Department of Clinical Radiation Sciences, Institute of Clinical Sciences, Sahlgrenska Academy, Gothenburg University, Gothenburg, Sweden.
Regional Cancer Centre West, Gothenburg, Sweden.
Int J Health Policy Manag. 2022 Dec 6;11(11):2707-2718. doi: 10.34172/ijhpm.2022.5693. Epub 2022 Feb 26.
Healthcare is complex with multi-professional staff and a variety of patient care pathways. Time pressure and minimal margins for errors, as well as tension between hierarchical power and the power of the professions, make it challenging to implement new policies or procedures. This paper explores five improvement cases in healthcare integrating system dynamics (SD) into action research (AR), aiming to identify methodological aspects of how this integration supported multi-professional groups to discover workable solutions to work-related challenges.

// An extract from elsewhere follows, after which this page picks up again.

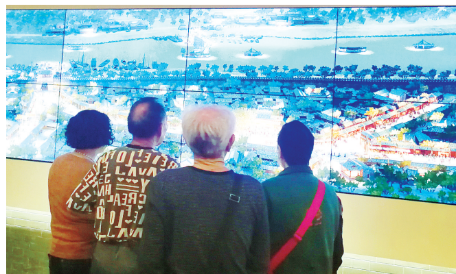
老爸老妈们正在参观城市展示馆。

本报讯(记者 刘彩霞)5月13日上午,老爸老妈俱乐部工作人员组织会员们走进漯河市城市展示馆,了解感受漯河的变化。
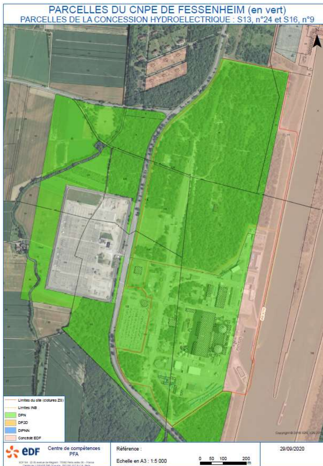
Figure 2.b - Propriété des parcelles sous l'emprise de l'INB n°75.

Pour le terrain servant d'emprise à l'INB n°75, la parcelle n° 9 de la section 16 de la commune de Fessenheim est située sur le domaine public de l'Etat et affectée à l'hydroélectricité et à la navigation.

This re-analysis was conducted by a multi-disciplinary research group using an iterative abductive approach applying qualitative analysis to structure and understand the empirical material. Frameworks for consultancy assignments/client projects were used to identify case project stages (workflow steps) and socio-analytical questions were used to bridge between the AR and SD perspectives.
All studied cases began with an extensive AR-inspired inventory of problems/objectives and ended with an SD-facilitated experimental phase where mutually agreed solutions were tested . Time was primarily divided between facilitated group discussions during meetings and modelling work between meetings. Work principles ensured that the voice of each participant was heard, inspired engagement, interaction, and exploratory mutual learning activities. There was an overall pattern of two major divergent and convergent phases, as each group moved towards a mutually developed point of reference for their problem/objective and solution, a case-specific multi-professional knowledge repository.
By integrating SD into AR, more favourable outcomes for the client organization may be achieved than when applying either approach in isolation. We found that SD provided a platform that facilitated experiential learning in the AR process. The identified results were calibrated to local needs and circumstances, and compared to traditional top-down implementation for change processes, improved the likelihood of sustained actualisation.
医疗保健是一个复杂的系统,涉及多专业人员和多种患者护理路径。时间压力和最小的错误空间,以及等级权力和专业权力之间的紧张关系,使得实施新政策或程序具有挑战性。本文探讨了将系统动力学(SD)融入行动研究(AR)的五个医疗保健改进案例,旨在确定这种整合如何支持多专业团队发现可行的解决方案,以应对与工作相关的挑战的方法学方面。
一个多学科研究小组使用迭代归纳方法对这 5 个案例进行了重新分析,该方法使用定性分析来构建和理解经验材料。顾问任务/客户项目框架用于识别案例项目阶段(工作流程步骤),社会分析问题用于在 AR 和 SD 视角之间架起桥梁。
所有研究案例都从广泛的 AR 启发式问题/目标清单开始,以 SD 促进的实验阶段结束,在该阶段,共同商定的解决方案得到了测试。时间主要分为会议期间的小组讨论和会议之间的建模工作。工作原则确保了每个参与者的声音都被听到,激发了参与、互动和探索性的相互学习活动。总体上存在两个主要的发散和收敛阶段的模式,因为每个团队都朝着他们的问题/目标和解决方案的共同发展的参考点前进,形成了特定于案例的多专业知识库。
通过将 SD 融入 AR,客户组织可能会获得比单独应用任何方法更好的结果。我们发现,SD 提供了一个平台,在 AR 过程中促进了体验式学习。确定的结果根据当地的需求和情况进行了校准,并与传统的自上而下的变革过程进行了比较,提高了持续实现的可能性。